«Но тутъ бѣда: нельзя намъ лечь спать, потому что требуется намъ наблюдать другъ за другомъ! Что дѣлать, иначе быть не могло; вѣдь не болѣе какъ недѣли за двѣ передъ тѣмъ, у насъ чуть было до ножей не дошло, и если мы дружили теперь, то только ради работы сообща. Во всякомъ случаѣ худо было то, что у насъ всего два брилліанта на троихъ. Ну, поужинали мы, потомъ стали бродить взадъ и впередъ по палубѣ, и курили до полуночи; потомъ сошли въ мою каюту, заперли дверь, пощупали пакетикъ, чтобы убѣдиться, тамъ ли брилліанты, и положили его на нижнюю койку такъ, чтобы онъ былъ у всѣхъ на глазахъ, а сами сидимъ и сидимъ… Подъ конецъ стало ужасно трудно удерживаться, чтобы не заснуть. Бедъ Диксонъ не смогъ. А лишь только голова у него опустилась на грудь и онъ принялся похрапывать ровно, заснувъ крѣпко но всей видимости, Галь Клэйтонъ кивнулъ мнѣ на брилліанты, потомъ на дверь.

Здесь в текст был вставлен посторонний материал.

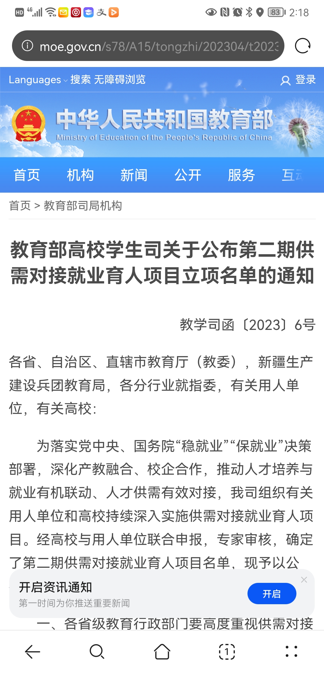 供需对接就业育人项目是2021年12月由教育部高校学生司发起的,为落实党中央、国务院“稳就业”“保就业”决策部署,深化产教融合、校企合作,推动人才培养与就业有机联动、人才供需有效对接而组织的有关用人单位和高校实施的提升就业、服务育人的校企合作项目。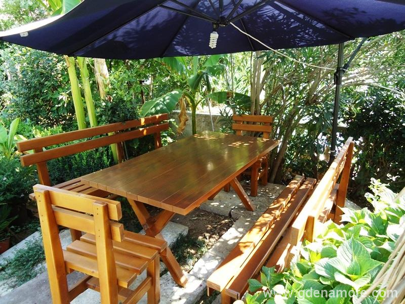 Die Wohneinheiten befinden sich in einer Entfernung von 10 m vom Meer, von der Wohnung aus gibt es einen Ausgang zum Hof, vor dem sich ein Betonsteg mit Liegestühlen befindet.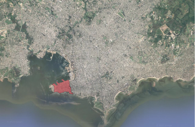 Localización de la zona de estudio, Ciudad Vieja en Montevideo, Uruguay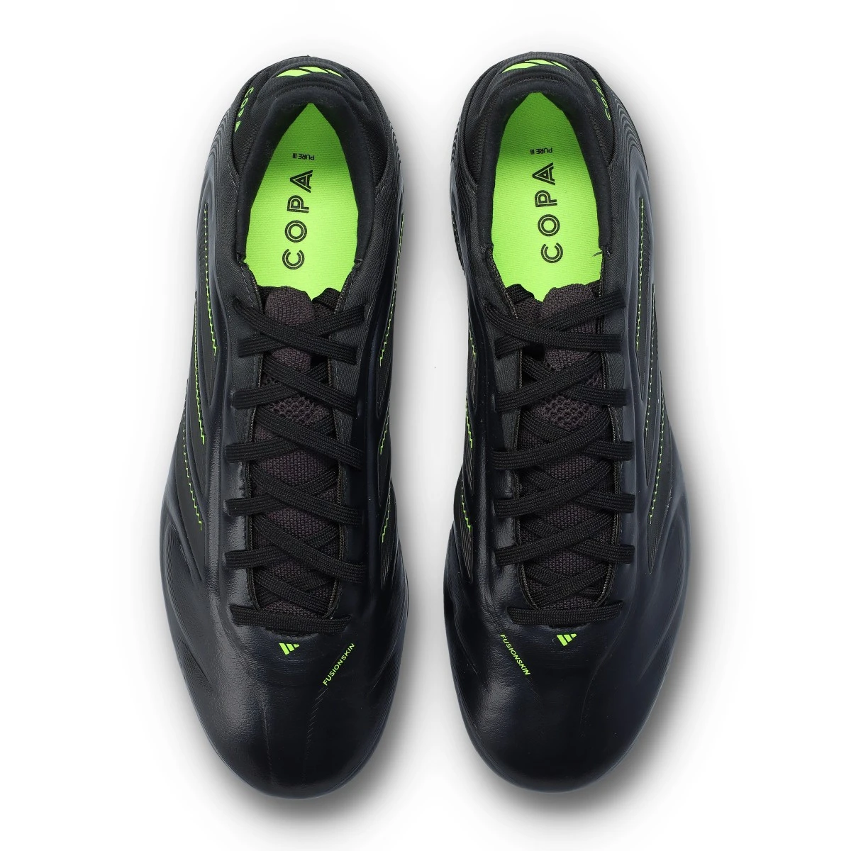 Chaussures de football adidas Copa Pure III Pro FG pour adultes. Chaussures en cuir conçues pour jouer sur terrains en gazon naturel. Modèle d’entrée de gamme en coloris Core Black-Dgh Solid Grey-Lucid Lemon.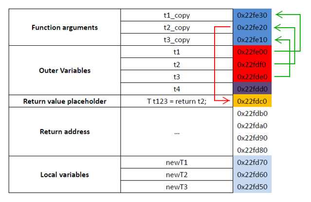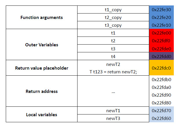 如果我们是返回一个 local variable,情况会有很大的不同。我们把 main 里的 T t123 = foo(t1, t2, t3); 改成 T t123 = bar(t1, t2, t3); 再运行一遍,得到: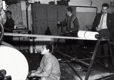 1960年7月4日,皮耶罗•曼佐尼在丹麦的Herning的报纸打印机前,进行《7200米线》的创作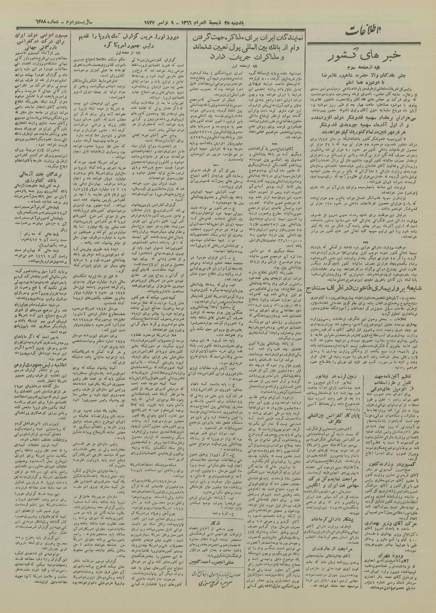 | کنونی | ۲۱ سپتامبر ۲۰۲۵، ساعت ۱۴:۲۶ | ۴٬۵۰۰×۶٬۳۰۸، ۶ صفحه (۵٫۷۶ مگابایت) | Bijan (گفتگو | مشارکتها) | == خلاصه == {{PD-Iran}} رده:روزنامه اطلاعات سال ۱۳۲۶ |

Я понялъ его отлично, всталъ и взялъ пакетикъ; мы постояли еще нѣсколько времени, выжидая въ полномъ молчаніи, но Бедъ и не шевельнулся; тогда я повернулъ тихонечко ключъ въ замкѣ, нажалъ также осторожно ручку, мы вышли неслышно на цыпочкахъ и затворили за собой дверь, также безъ малѣйшаго стука.

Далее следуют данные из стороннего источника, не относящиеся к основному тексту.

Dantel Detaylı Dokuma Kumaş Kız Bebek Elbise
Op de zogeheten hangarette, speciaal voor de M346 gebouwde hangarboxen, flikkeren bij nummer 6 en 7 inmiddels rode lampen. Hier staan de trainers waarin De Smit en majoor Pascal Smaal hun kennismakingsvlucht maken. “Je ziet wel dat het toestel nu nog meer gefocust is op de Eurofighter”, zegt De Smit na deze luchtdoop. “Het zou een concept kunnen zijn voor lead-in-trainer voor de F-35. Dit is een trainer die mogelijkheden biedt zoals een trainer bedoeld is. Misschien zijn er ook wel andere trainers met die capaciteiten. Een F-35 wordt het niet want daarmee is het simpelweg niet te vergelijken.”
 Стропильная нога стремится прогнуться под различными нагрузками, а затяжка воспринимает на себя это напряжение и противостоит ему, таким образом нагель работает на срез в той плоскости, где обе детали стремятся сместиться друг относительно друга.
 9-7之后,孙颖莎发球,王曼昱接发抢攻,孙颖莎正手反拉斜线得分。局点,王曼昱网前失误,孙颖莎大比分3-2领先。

„На палубѣ не было никого и судно плыло неуклонно и быстро, прорѣзывая волны широкой рѣки. Мѣсяцъ свѣтилъ, какъ сквозь дымку. Мы не перекинулись ни однимъ словомъ, но прошли прямехонько на корму, подъ навѣсъ, и сѣли у палубнаго люка. Оба мы знали, что разумѣемъ, не имѣя надобности объяснять это другъ другу. Бедъ Диксонъ, проснувшись, долженъ былъ почуять штуку и явился бы тотчасъ къ намъ, потому что былъ не таковъ, чтобы испугаться чего-нибудь или кого-нибудь. Онъ долженъ былъ придти, а мы швырнули бы его за бортъ или отправили бы иначе на тотъ свѣтъ. Меня дрожь пронимала при этомъ, потому что я не такъ храбръ, какъ другіе, но если бы я только вздумалъ вилять… Ну, я понималъ, что лучше этого и не думать. Была у меня маленькая надежда на то, что мы сядемъ на мель гдѣ-нибудь и намъ можно будетъ улизнуть на берегъ, избѣжавъ всякой драки… Я такъ побаивался этого Диксона!.. Но нашъ пароходъ былъ приспособленъ къ мелководью и разсчитывать на такой случай было нельзя.
„Время тянулось, однако, а нашъ малый все не приходилъ! Стало уже и разсвѣтать, а его все нѣтъ и нѣтъ!
— «Чортъ возьми, — говорю я, — какъ ты полагаешь насчетъ этого?.. Не подозрительно ли оно?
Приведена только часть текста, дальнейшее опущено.